The amendment, passed on June 16, by a unanimous voice vote in the United States
Senate, contains reforms correcting many of the problems with EEOICPA. The
Bunning-Bingaman amendment goes a long way to honoring a Congressional
commitment made 4 years ago to nuclear weapons plant workers made sick while
employed in the production of the nation's nuclear deterrent (and its cleanup).
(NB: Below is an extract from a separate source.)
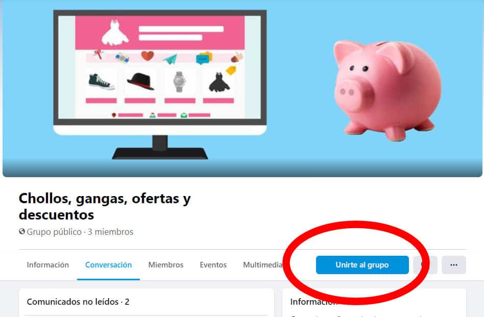 1. Unirte al grupo Chollos, gangas, ofertas y descuentos.

This legislation removes key bottlenecks in claims processing, improves the quality
of the decisions, and establishes a willing payor for all valid EEOICPA
claims. The latter is a key flaw identified by the Government Accounting
Office report of May 2004 to Congress. This is a serious issue for up to
50% of the sick workers nationwide, and affects a number of workers in many
states including CO, IA, OH, KY, MO, NV, NM, ID and SC. Some of the workers with a positive finding
by the Department of Energy's (DOE) panel of physicians will be left to pursue
their claim in an adversarial state workers compensation forum. It would
be necessary to re-prove, by a preponderance of evidence, before a state
tribunal, that the illness was attributable to the workplace exposures-even
though the Department of Energy has already validated that illness claim is
genuinely work related. DOE contractors, insurers or exclusive state
funds will assert their legal defenses, and the chances that the worker or
their survivor would receive just compensation is close to zero.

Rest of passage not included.